We decided to walk to breakfast on Memorial Day and look what we found.
Blackberries? Right next to the busy highway.
All the greenery around looked clean and welcoming. The rain had stopped and everything looked like it had been washed.
Earlier in our walk we’d spotted honeysuckle but I wasn’t tempted to get to those. They were surrounded by poison ivy. But here, under the boughs of berries, no poison ivy. The grass was long but well kept. On the other side of the fence was our neighborhood synagogue.
Looks like blackberries, I told Ted. I googled it quickly and the variegated leaves looked like blackberry leaves. Ted tried one berry and said it was good. I tried one and indeed it was very sweet. Much sweeter than blackberries we buy at the store. These were kind of skinny though.
Okay, I said, we’ll pick them on the way home. We still had a quarter mile to go for our bagel breakfast. When we return we’d get ourselves a plastic bag to collect our find. That is if neither of us have swelled up in our faces, rolled over and died. I heard of some friends of friends who picked some wild mushroom which they thought looked exactly like edible mushroom and they got poisoned.
So during breakfast I googled blackberries to see if the bush looked the same.

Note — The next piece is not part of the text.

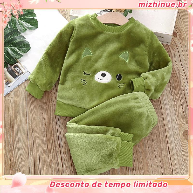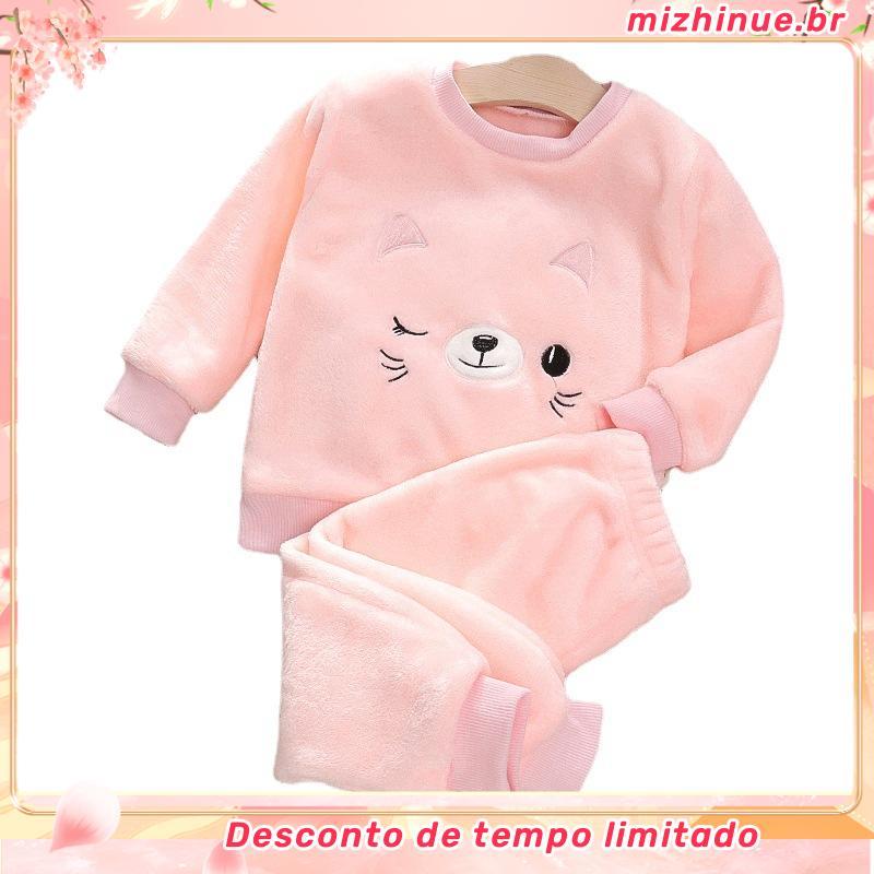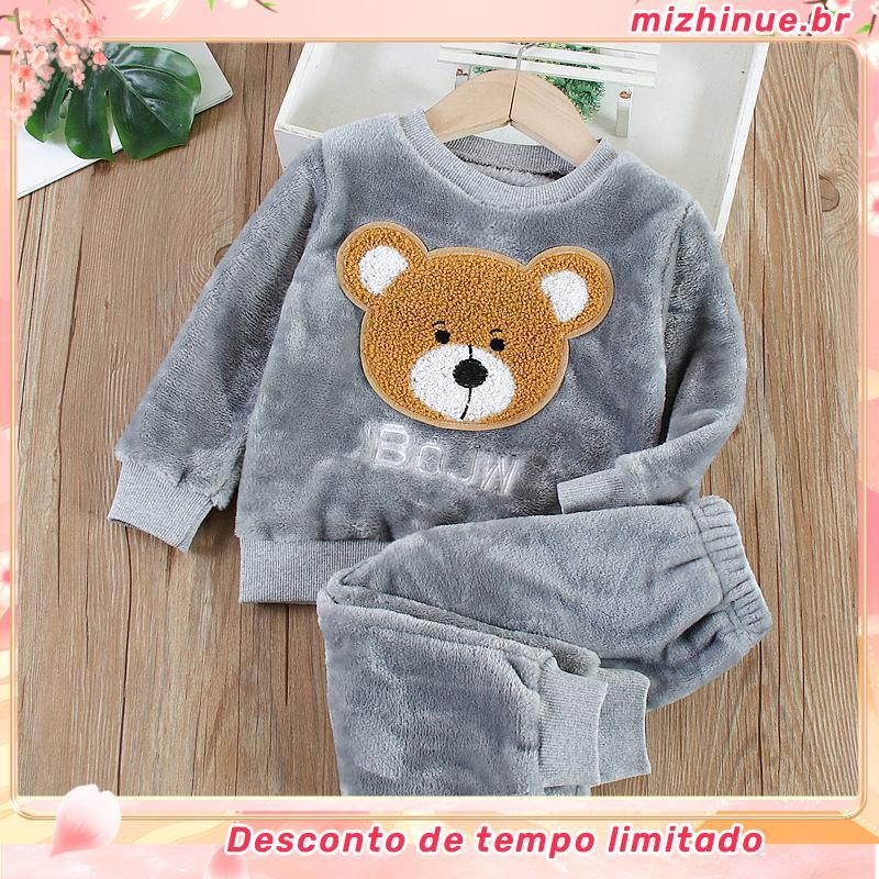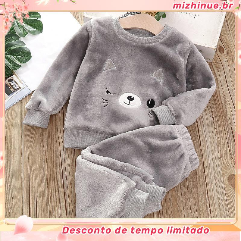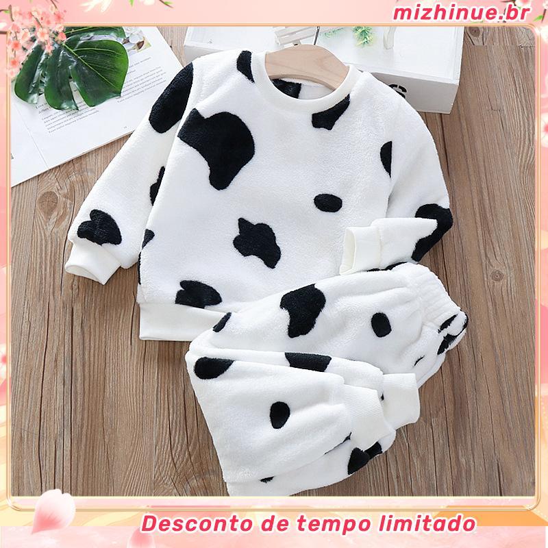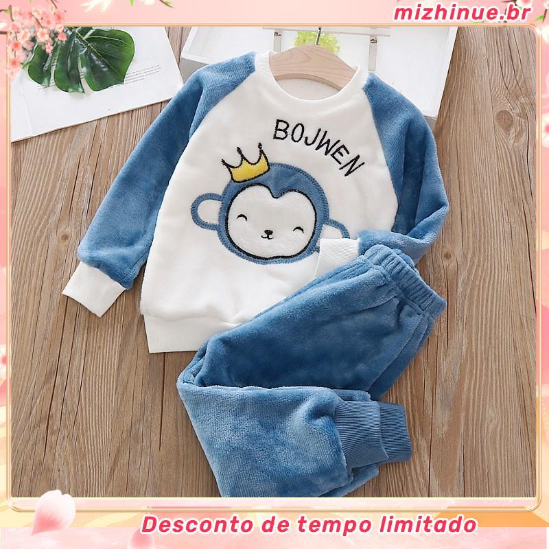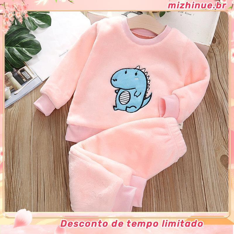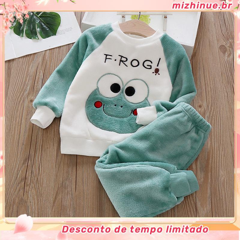 Desenho Animado Baby Boy Girl Winter Warm Thicken Flannel Fleece Tops + Pants Conjunto De 2 Peças Pijamas Crianças Pequ

It did not. The one we saw was a tree. Blackberries plants are shrubs. Be careful of the thorns when picking the fruit, the articles cautioned. No thorns, we didn’t encounter thorns. So I googled black berries/tree and learned we found mulberries.
They are mulberries! I told my husband. And edible.
How timely. Just when I have recently been all psyched about berries, having been sampling the different kinds of strawberries at several farmers markets here in Virginia and when visiting my daughter in Raleigh. Strawberries from different farms taste so deliciously unalike. Now is just perfect berry season. These seem perfectly ready to pick.
Even better, mulberry is something I’ve never tried. What harm is there in trying? (Although later in the afternoon I couldn’t get rid of that stupid ditty in my head, “Here we go round the mulberry bush!”)
So on our way home we returned to the trees. I took a closer look. Mulberry trees are tall. These three trees, about 25 to 30 feet tall, grew right next to the main street. Not strategically placed, I couldn’t tell if they were wild or someone had planted them years ago.
When we reached them we dove into the trees. Well, Ted dove. I entered into the underbrush cautiously. Hey, I’m a city mouse. Like a scared city mouse, I’m not into wildlife. To me wildlife is cockroach and gecko, best killed or shooed out of the house. I approach wild plants as suspiciously.
Once I got to know what I was getting into I happily selected and picked the fruit. Drivers stopping at the traffic light must have been entertained watching these two strange people in the bushes busy gathering fruit.
They were easy to pick. These were so ripe that the fruit practically fell out of the tree when you brushed against the branch. I later read that people place tarps under the tree and shake the branch to harvest them.
Our fingers got all red and stained. Ted collected the mulberry in his coffee cup and I placed mine in a bag. There’s something wonderfully primal gathering fruit you haven’t planted.
When we got home we washed and refrigerated them and when our neighbors came for a shared dinner that evening, we told them all about our discovery and shared the mulberries. Everyone loved them.
When I texted my daughter about it, she said, “Urban foragers?” Yup, successful for first timers. I can do this.